I am sorry about that. But right now I am not able to access HECToR. I will change the permission at the earliest when I can access to HECToR.

Many Thanks,
Deepthi

Replying to simon:

Hi,

Could you give me read permission for /work/n02/n02/marathayil/

Simon.

comment:3 in reply to: ↑ 2 Changed 10 years ago by d.marathayil

Hi Simon,

I have changed the permission now.

Many thanks,
Deepthi

Replying to d.marathayil:

Hi Simon,

I am sorry about that.

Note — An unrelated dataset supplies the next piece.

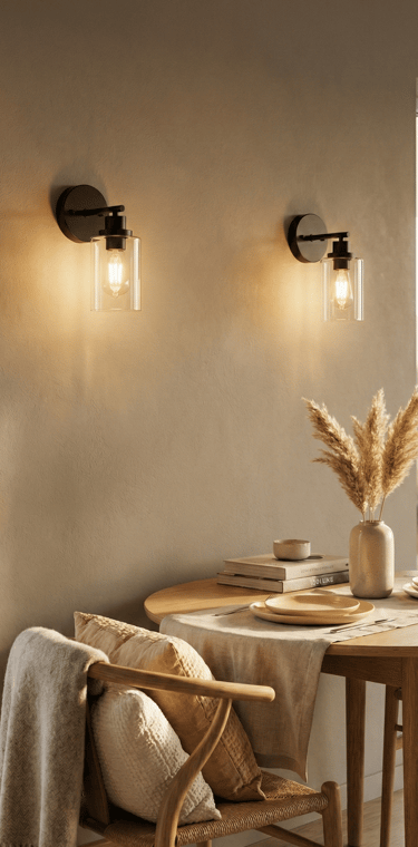 Wall sconces add that soft, layered light every Scandinavian home loves. Choose warm white sconces that gently wash the walls with a relaxing glow — perfect for evening dinners that stretch into conversations and laughter.

But right now I am not able to access HECToR. I will change the permission at the earliest when I can access to HECToR.

Many Thanks,
Deepthi

Replying to simon:

Hi,

Could you give me read permission for /work/n02/n02/marathayil/

Simon.

comment:4 Changed 10 years ago by simon

  • Owner changed from um_support to simon
  • Status changed from new to accepted

comment:5 Changed 10 years ago by simon

Hi,

I think I know what the problem is but I need to recompile the model to check. I will try once the compiler is working again on hector.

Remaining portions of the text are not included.